When the government shutdown at the end of December and through most of January took effect, the U.S. Patent Office (USPTO) said that they had a few weeks of reserves left from user fees. They would use these funds to keep the office going. The shutdown lasted more than the few weeks, but the Patent Office continued to operate. Nothing much was said after the government shutdown ended. The question is, did this affect the operations of the USPTO?
It seems like it really did. In the short term, things that tended to be routine in the past, like processing power of attorney documents, take a lot longer. That is frustrating when things have deadlines and the files are not accessible.
In the overall picture, the Patent Office has been in the process of transitioning from an old insecure system that relied on Java. This old system stopped working with Firefox, Chrome, and Edge, since those browsers stopped supporting Java. Instead, the old system only works with Microsoft Explorer - enve though Explorer is an outdated and insecure browser. An alternate, more cumbersome short term patch was also implemented. These issues contine to add to the overhead of working as a Patent Attorney.
The Patent Office was long overdue in converting over to a modern secure 2-part authentication system.
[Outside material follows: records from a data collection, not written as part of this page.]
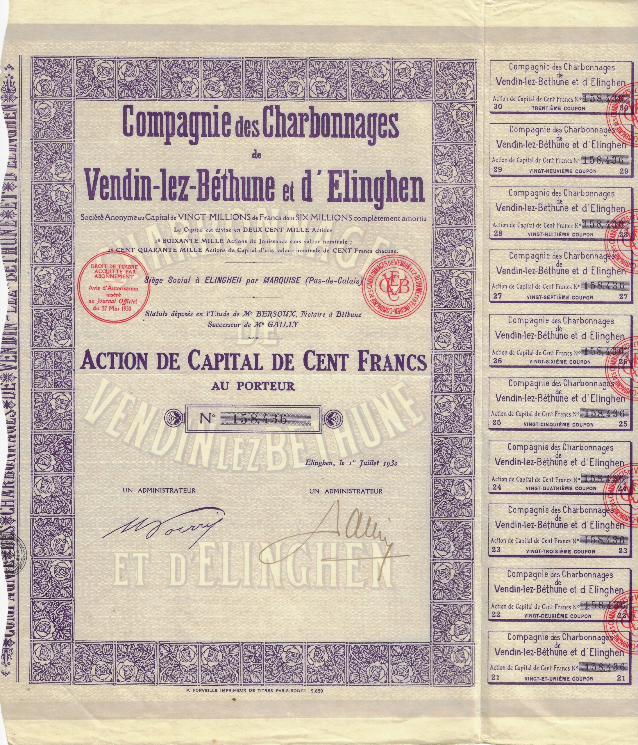 Das Unternehmen grub zwei Schächte in der Gegend von Vendin-lès-Béthune, und die Grube nahm 1913 die Produktion auf. Während des Ersten Weltkriegs beteiligte sich das Unternehmen an den Kriegsanstrengungen und verzehnfachte mit Hilfe von Bergleuten aus den besetzten Konzessionen seine Produktion. Die Fördertürme wurden 1918 bombardiert, und anschließend wurden die unterirdischen Anlagen geflutet, weil das Kraftwerk Chocques bombardiert worden war.
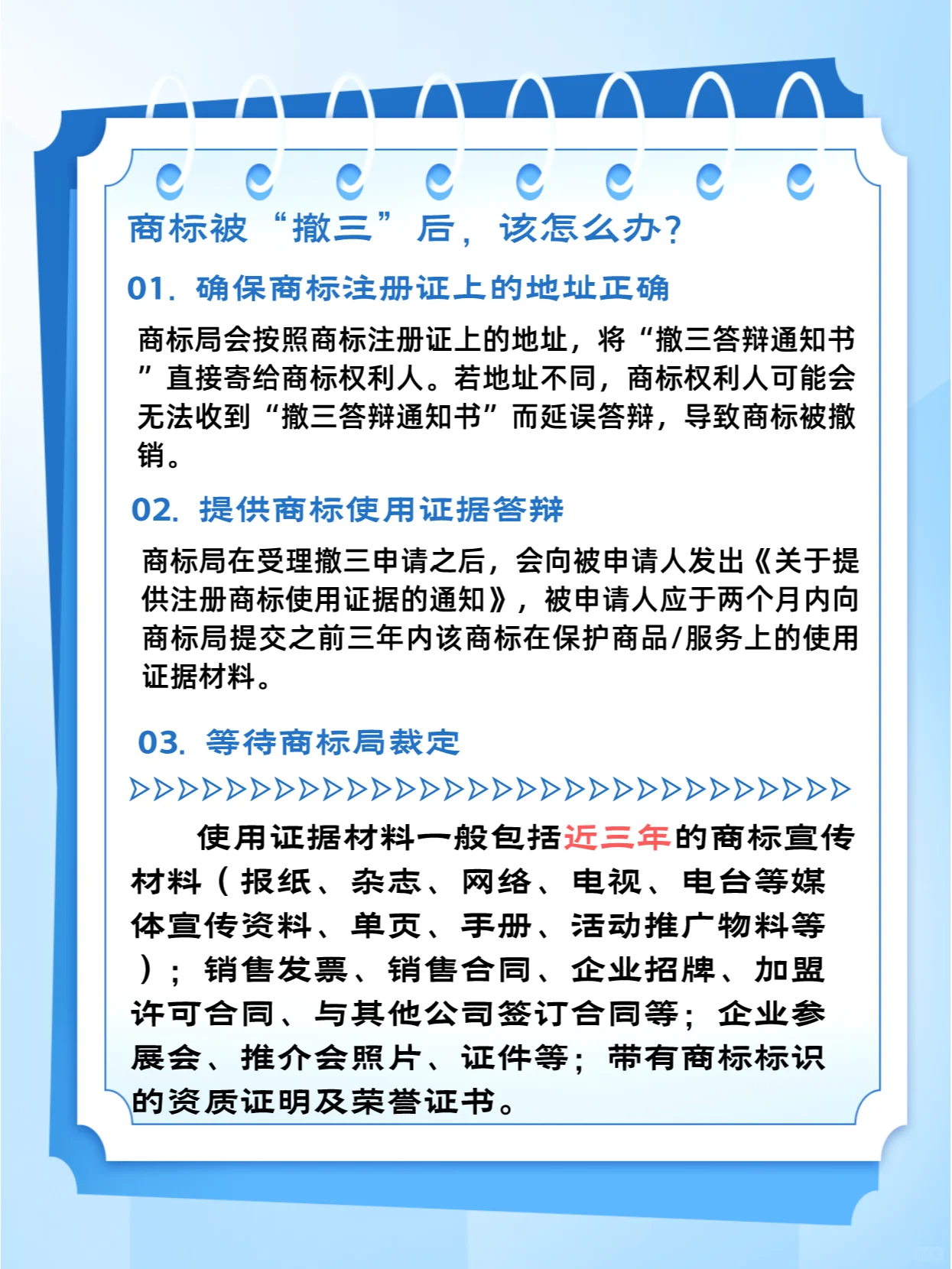正当理由是指不可抗力和干预之外的客观情况,如战争、地震、政府限制等。连续三年不使用是指商标使用处于不间断状态并持续三年以上。 商标被撤销后我该怎么办 1.确保商标注册证书上的地址正确无误。商标局将根据商标注册证上的地址,直接向商标所有人发出“撤回三防通知书”。如果地址不同,商标所有人可能无法收到撤回通知并延迟辩护,导致商标被撤销。 2。提供商标使用的证据进行辩护。商标局受理撤回申请后,将向被申请人发出关于提供使用注册商标证据的通知。被申请人应在两个月内向商标局提交前三年内使用商标保护商品/服务的证据。 3。正在等待商标局的裁决。 附言:证据材料一般包括过去三年的商标宣传材料(报纸、杂志、互联网、电视、广播等媒体宣传材料、单页、手册、活动宣传材料等);销售发票、销售合同、企业标志、特许经营许可合同、与其他公司签订的合同等;企业展览和宣传活动的照片、身份证明文件等;具有商标标识的资质证书和荣誉证书。
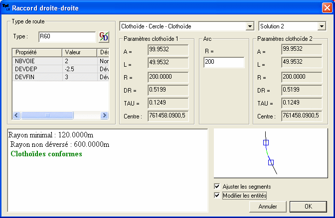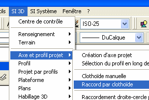 Menu SI 3D>Axe et profil projet>Raccord par clothoïde.
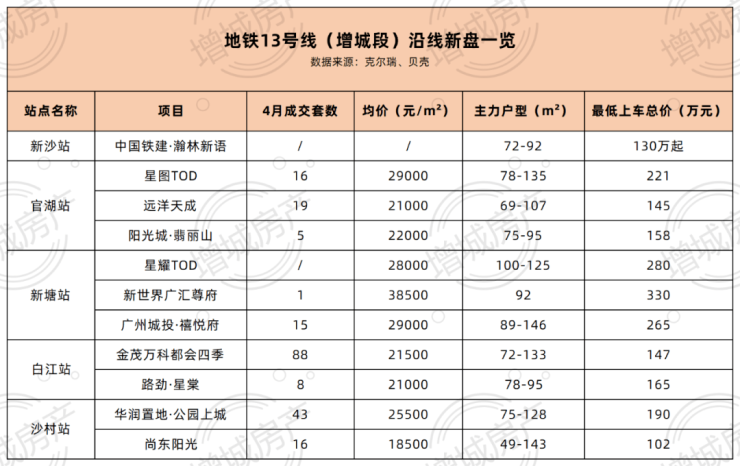 与其他几个站点对比,新塘站周边一手项目均价算是最高的,均价超3万/平。
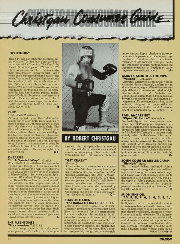 "AVENGERS" (CD) These 14 cuts constitute the recorded output of a late-’70s San Fran punk band best remembered for “We Are The One,” the finest U.S. indie single of 1977, and a 1979 Steve Jones-produced EP. The notes extol their “breakthrough—however brief—into a vision of life expressing firsthand passion and revolt,” but to me Penelope Houston sounds like a valley girl with too much attitude.

The plan was to have this rolled out sometime in November 2018. This got pushed to December 2018. Then it got pushed to January 2019. Then it got pushed to February 2019. The delays go on and on, The new system still has not been fully implemented, and has multiple bugs that create unreliable access. So in the middle of a once in a generation conversion to a modern system, the government shutdown literally caused complete chaos. This is in the wake of the unprecedented week-long failure of the Patent Office servers in 2018. The reason for the core failures still have not been fixed.
Another lingering issue is the delay in processing issued patents. Typically a contractor gets these done and ready to publish on the Tuesday that is about a month away from when we pay an issue fee. So far in 2019, issued patents take much longer. We speculate this is based on the Patent Office’s inability to sign new contractor arrangements while the government was shutdown. So patents that are fully paid for, fully prosecuted, and ready to issue, are delayed by several weeks, if not more. If a case is waiting for the litigation, or an important license agreement, this could be very expensive for the patent owner. So the government shutdown has additional lingering effects that ultimately hurt businesses in the US. Since many US patents are filed by international companies, this is also a potential drag on the global economy.